Yolsuzluk dosyaları havada uçuşuyor. Uzun süredir herkesin bildiği, ancak büyük umursamazlıkla veya korkudan sesini çıkaramadığı bu durum ancak birilerinin menfaatine dokununca ortaya çıktı. AKP içinde yolsuzlukların diz boyu olduğunu hâlâ Türk halkı anlayabilmiş değil. Oysa para bizim paramız, ama hiçbir şeyimize sahip çıkmadığımız gibi verdiğimiz vergilerin de hesabını sormak hiç mi hiç aklımıza gelmiyor.

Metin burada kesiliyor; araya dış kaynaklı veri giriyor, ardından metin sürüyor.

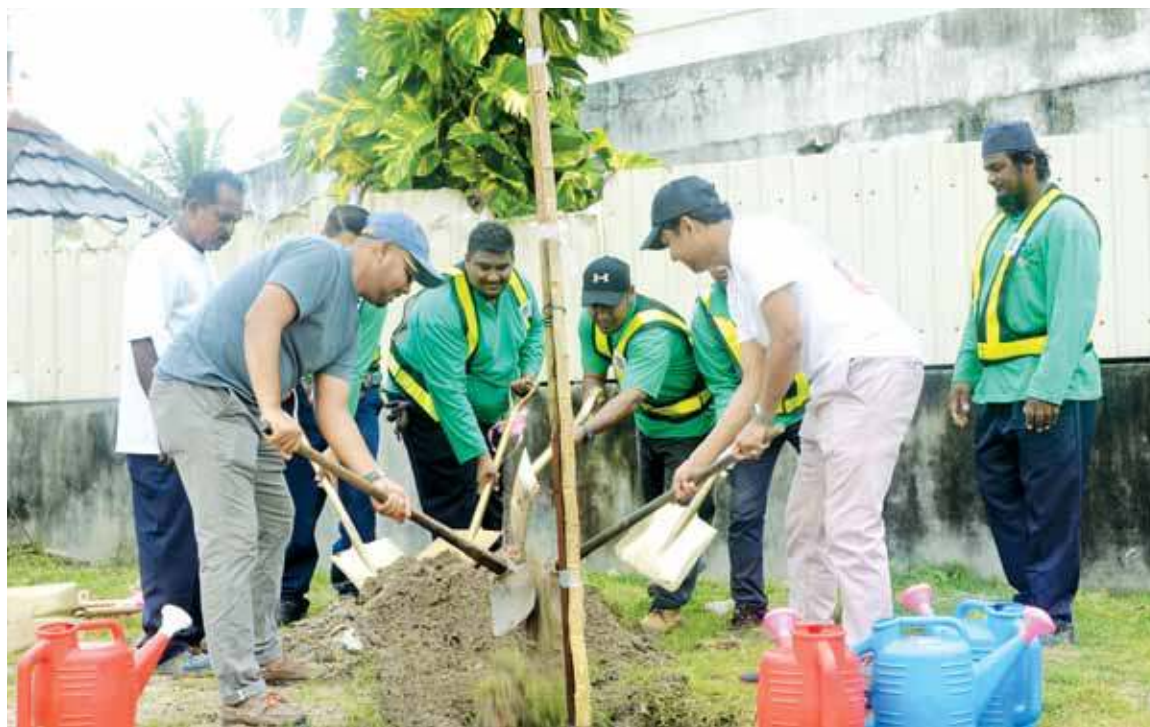
The MBPP squad also helped to plant the raintree saplings.

“The river banks normally have maintenance access for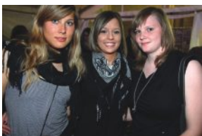
Mega Power Party, 24.04., Unterwurmloch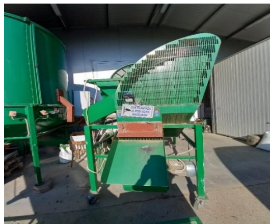
Slika 19. Separator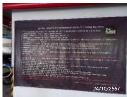
ระเบียบการจอดรถ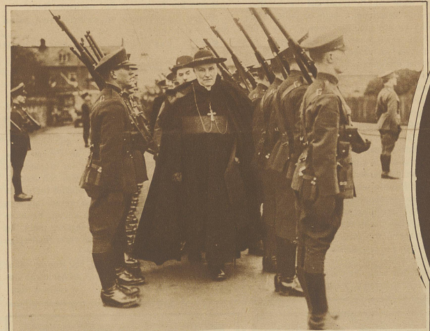
Der neue Kardinal von Irland schreitet auf dem Gang zur Kathedrale die Front der Ehrenkompanie ab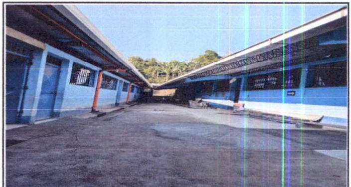
SUMINISTRO DE CANALES U-PVC EN 3 AULAS.

Karşısında ise bir medya patronu. Daha doğrusu medyayı kendi işleri için bir koz olarak kullanan bir topluluk. Basın özgürlüğünden söz ediyor. İyi de bu özgürlük nedense Emin Çölaşan’ın işine son verilirken hiç söz konusu olmadı, bir kalemde Erdoğan’ın sinirine dokunan bu kalem de susturuldu. Bu kavgada saf tutması gereken bir başka medya patronu da yangına körükle gidiyor. İyi de kısa bir süre önce o da topun ağzında değil miydi?
Dedim ya çelişkiler ülkesiyiz diye. Bana dokunmayan yılan bin yıl yaşasın hesabı. Oysa irtica adım adım ilerliyor, tüm kaleleri fethediyor. Bize bir şey olmaz. Evet, haklısınız bize bir şey olmaz, olursa çok şey olur. Oluyor da. Farkında mısınız?